Tuesday, October 7, 2008

Guest Column on Extraterritoriality

This is the first in what I hope to be many guest columns. If you or anyone you know would like to post an article on WApatents.com, just send it to me for review. I reserve the right not to publish or to edit any articles you send me. Articles posted do not necessarily reflect my own views on the law; so if you disagree with something in a guest column, post a comment and contact the author.

This article is from Paul Beattie, an experienced Seattle patent litigator. What follows is a brief snippet from Paul's article. The full article is attached.

Extraterritorial Abdication: Extraterritorial Infringement Outpaces Extraterritorial Protection

By Paul Beattie[1]

The past twenty years have seen a progressive shift in economic activity, particularly manufacturing, away from the United States, Japan, and Europe to developing countries.[2] More and more inventions conceived in the “West” are being exploited in developing countries, often with no royalty payments to the inventors or their assignees. We are living through a colossal transfer of knowledge and invention from the developed to the developing world – although this transfer is seldom remarked upon.[3] U.S. patent law has been slow to recognize these realities and to extend U.S. patent protection to “infringing” activities abroad, perhaps out of sympathy for the developing world and out of fear that other countries will follow suit and attempt to enforce their laws here. Politics aside, U.S. patent law has failed to adapt to a world in which more and more infringement takes place overseas.

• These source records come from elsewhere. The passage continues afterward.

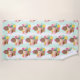 Beach towel with a summertime pattern with a bowl of ice cream with 3 delicious scoops covered in candy sprinkles. An ice cream cone also with 3 scoops of chocolate, vanilla and strawberry. A dessert bowl filled with neopolitan flavored ice cream with a delicious cherry on top.
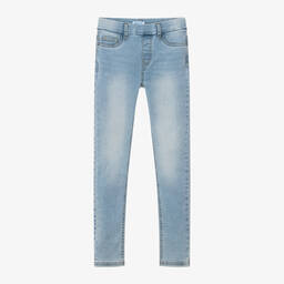 Girls blue skinny denim jeggings by Mayoral offer casual comfort in a soft, stretchy cotton blend. Featuring an adjustable elasticated waist for an ideal fit, these jeggings have faux front pockets and functional back pockets with a subtle jacron logo patch for a designer touch. Perfect for everyday wear, these denim jeggings are a stylish and practical choice. Limited quantities available, so it's your last chance to buy!
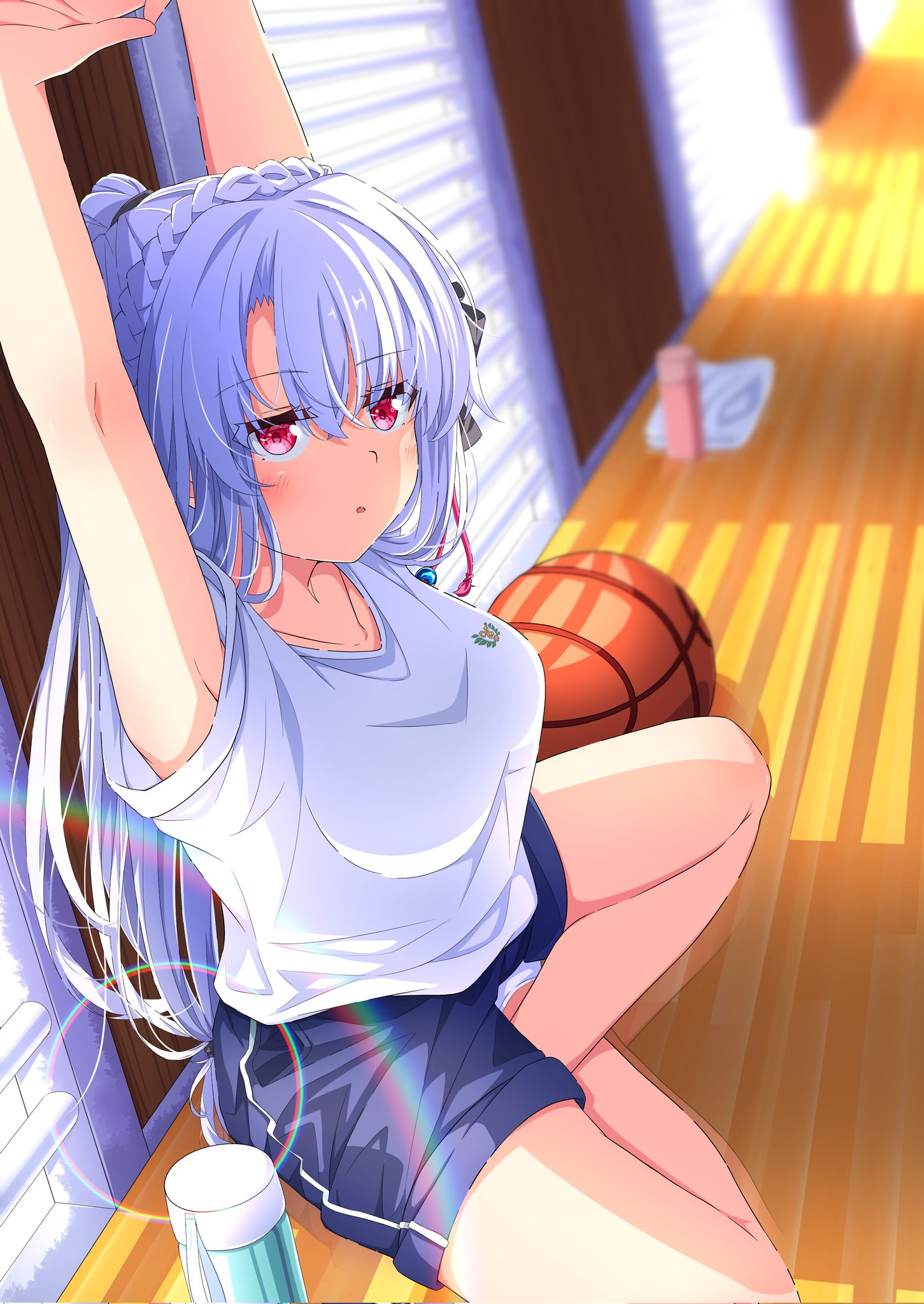 1girl :o alternate_costume alternate_hairstyle arms_up backlighting ball basketball_(object) blue_hair blue_shorts blurry blush braid breasts collarbone commentary commission crossed_bangs crown_braid day depth_of_field eyes_visible_through_hair gym_uniform hair_between_eyes highres indian_style indoors jitome knees_out_of_frame kyamiuu large_breasts lens_flare long_hair looking_at_viewer open_mouth perspective ponytail red_eyes shirt short_sleeves shorts sitting skeb_commission solo sorakado_ao straight_hair stretching summer_pockets untranslatable_commentary thighs upturned_eyes very_long_hair white_shirt window
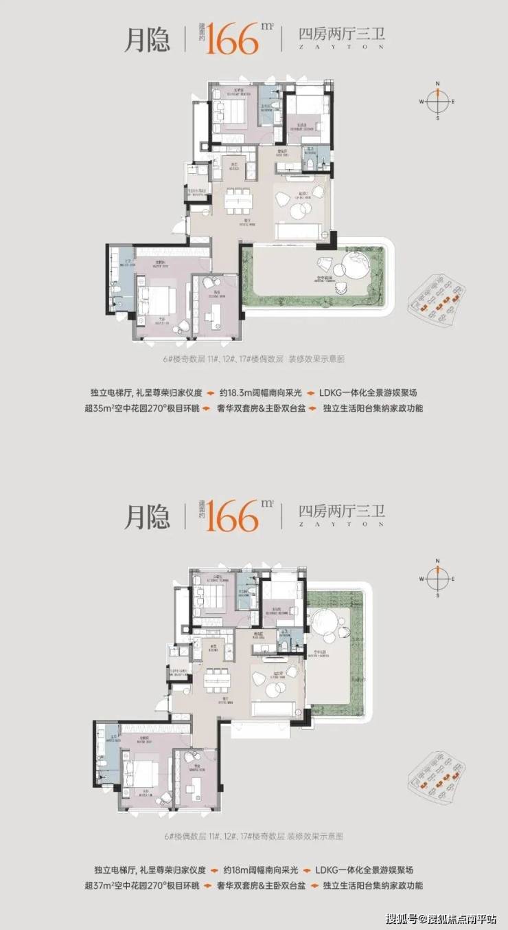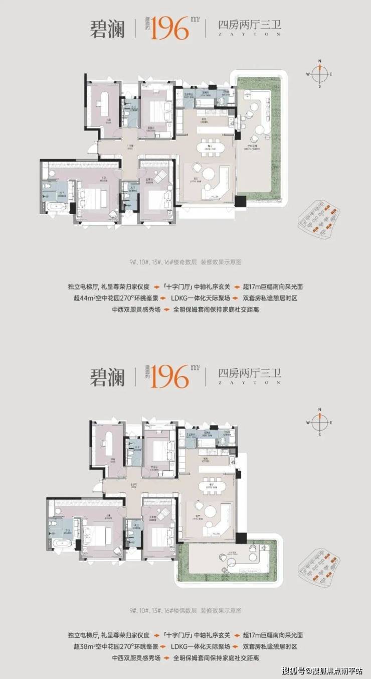 独立电梯厅带来归家的私密尊崇 ,十字门厅高效串联全屋空间。 超17米南向巨幅采光面让阳光点亮全屋空间, LDKG一体化大方厅与 空中花园相连,极致放大空间感, 开启270°环幕观景视角。 星级南向双套卧保障主人与长辈的舒适起居,另配备 全明保姆间更契合高阶家庭生活需求。
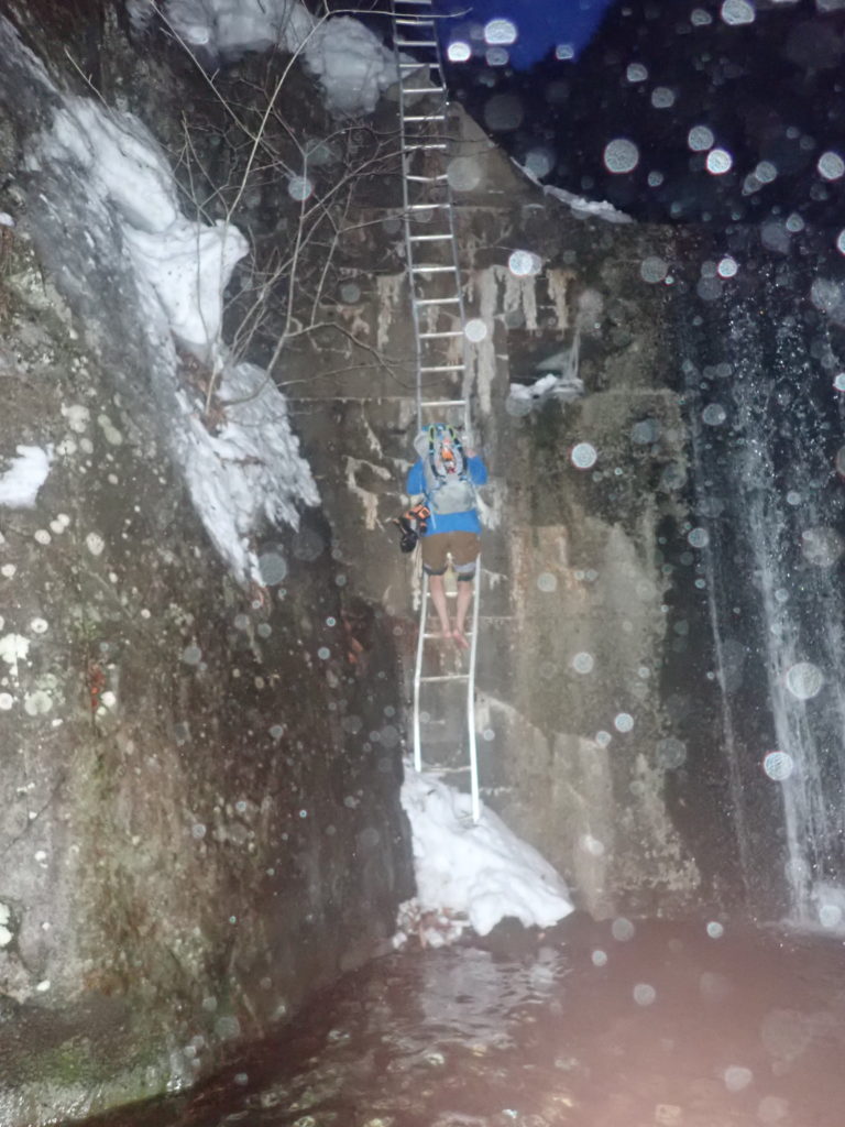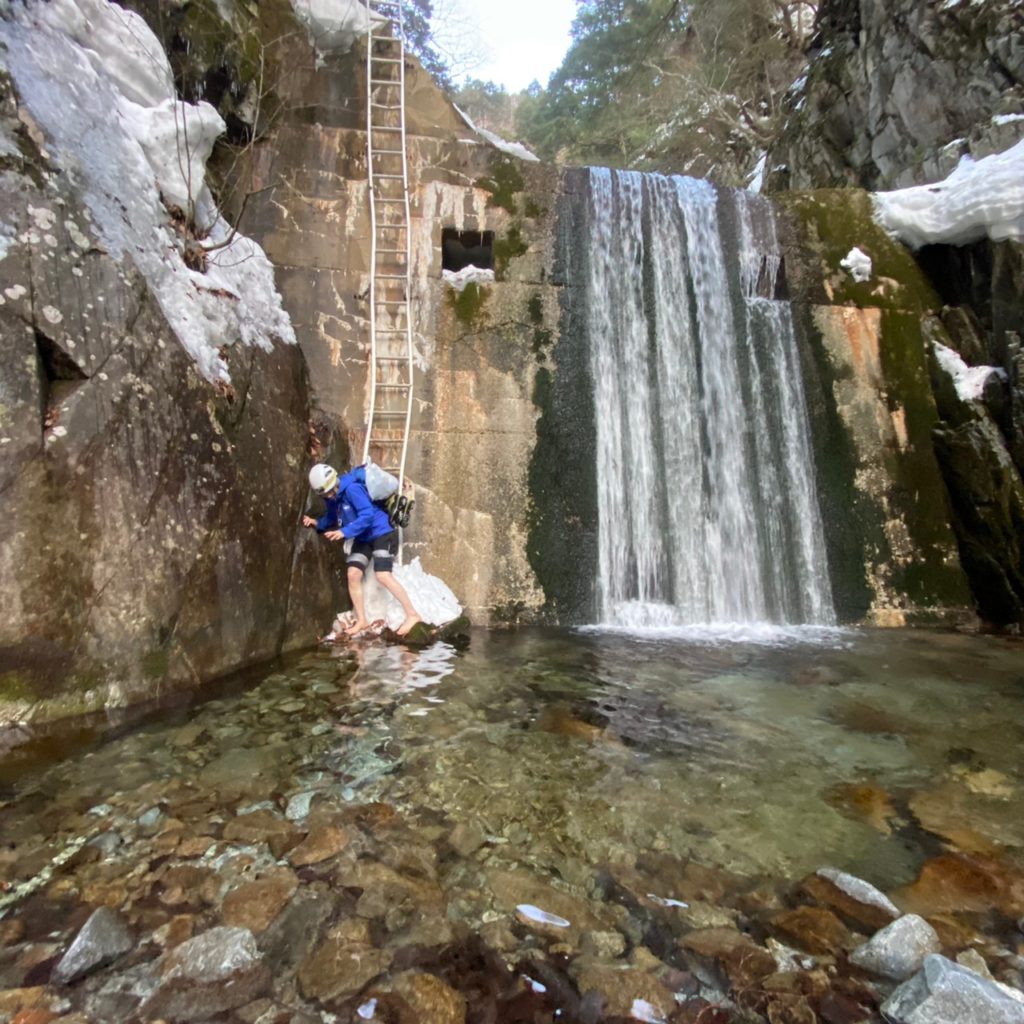 唐沢に入って30分程で噂の梯子に到着。例年は飛び石で梯子まで行けるのかな、今回は目覚めの渡渉でした。膝下と聞いていたのにがっつり膝上でもう絶叫。膝下長すぎだろ。
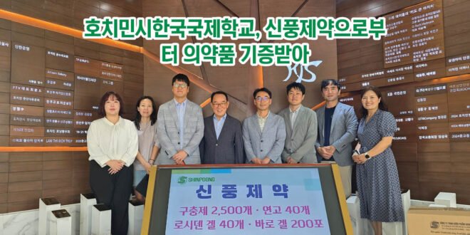 호치민시한국국제학교(교장 김명환)는 신풍제약(신풍대우파마베트남 법인장 홍상기)이 3월 9일 학생들의 건강한 학교생활을 지원하기 위해 구충제 2,500개와 연고 40개, 로시덴 겔 40개, 바로 겔 200포를 기증했다고 밝혔다.
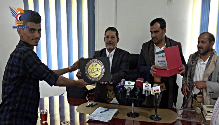 الصمود | كّرم وزير التربية والتعليم يحيى الحوثي اليوم، بصنعاء الطالب رائد صالح محمد الحي، لحصوله على الميدالية الفضية في أولمبياد الرياضيات الخليجي.
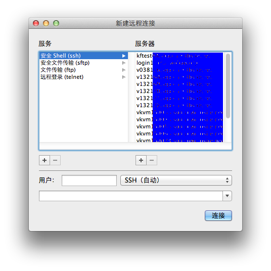 从一开使用ubuntu,到后来换到mac,一直使用系统自带的ssh命令,上传文件使用scp命令,由于平时使用并不频繁,也不觉得麻烦。再后来每天用到的机器多了,就不得不每次去公司wiki上查一下机器名,然后粘贴一下,次数多了,就迫切需要一个能像securecrt一样管理主机列表的功能。
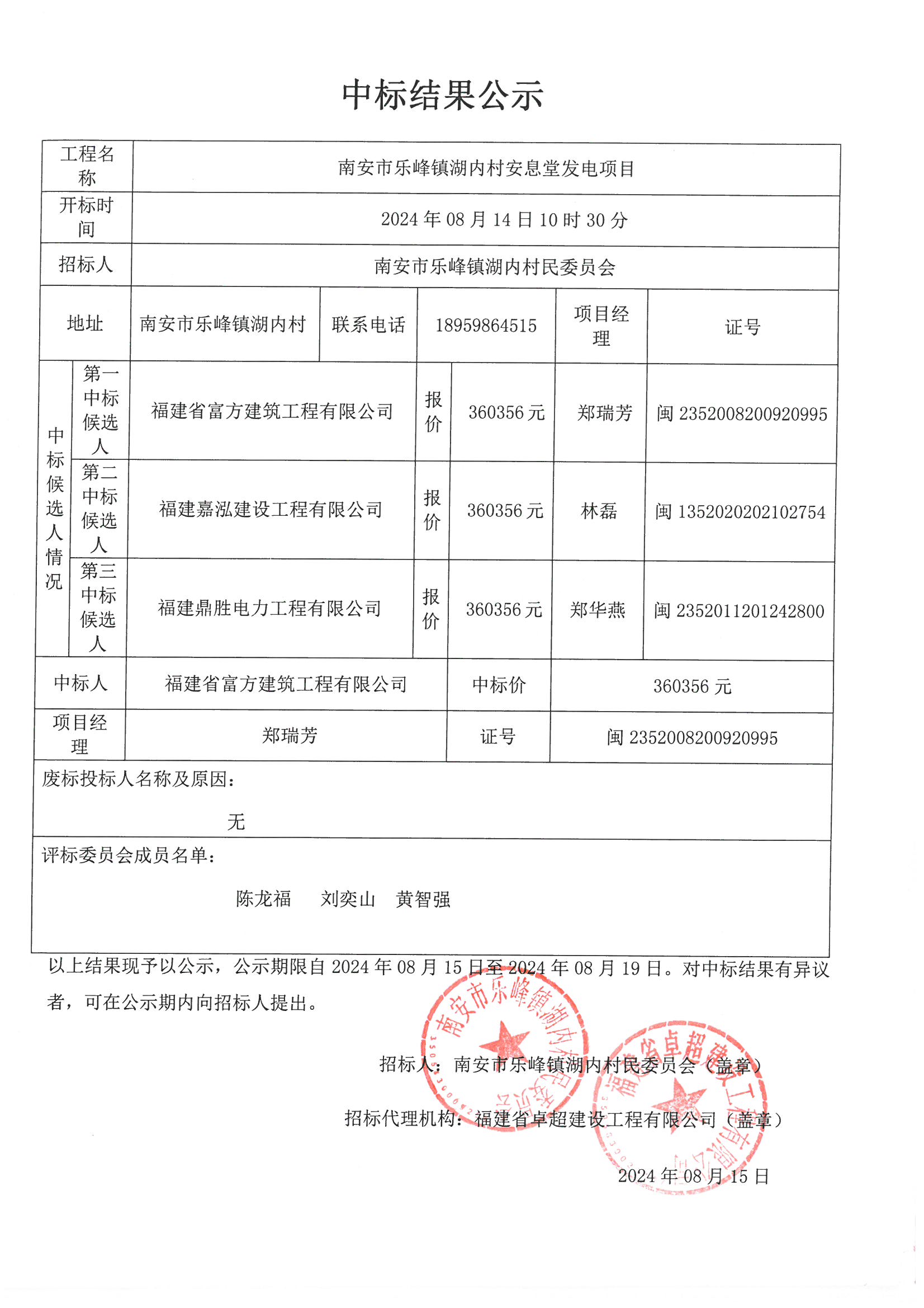 南安市乐峰镇湖内村安息堂发电项目的中标结果公示

U.S. patent law has traditionally not been given so-called “extraterritorial” effect. As the Supreme Court stated in the recent case of Microsoft Corp. v. AT&T Corp., “[i]t is the general rule under United States patent law that no infringement occurs when a patented product is made and sold in another country.”[4] This is reflected in the main infringement provision in the U.S. patent statute, which states that “whoever without authority makes, uses, offers to sell, or sells any patented invention, within the United States or imports into the United States any patented invention . . . infringes the patent.”[5] U.S. patent law thus generally targets infringing activities within the United States, with minor exceptions.

Footnotes:

[1] Paul H. Beattie is a shareholder in the Seattle Office of Schwabe, Williamson & Wyatt. He can be reached at pbeattie@schwabe.com or at (206) 407-1566.
[2] Pete Engardio et al., The New Global Job Shift, Business Week Online, http://www.businessweek.com/%20magazine/content/03_05/b3818001.htm (Feb. 3, 2003); Josh Bivens, Economic Policy Institute Briefing Paper, Trade Deficits and Manufacturing Job Loss: Correlation and Causality.
[3] See, e.g., The Sydney Morning Herald, Chinese Accused of Stealing American Technology, http://www.smh.com.articles/2007/11/16/1194766968231.html.; Jacob Goldstein, Brazil Breaks Merck’s Patent on Aids Drug, Wall Street Journal.com, http://blogs.wsj.com/health/2007/05/04/brazil-breaks-mercks-patent-on-aids-drug/ (May 4, 2007); Mary Kopczynski, Robin Hood versus the Bullies: Software Piracy and Developing Countries, Rutgers Comp. & Tech. L. J. (Summer, 2007).
[4] Microsoft Corp. v. AT&T Corp., 127 S. Ct. 1746, 1750 (2007).
[5] 35 U.S.C. § 271(a) (emphasis added).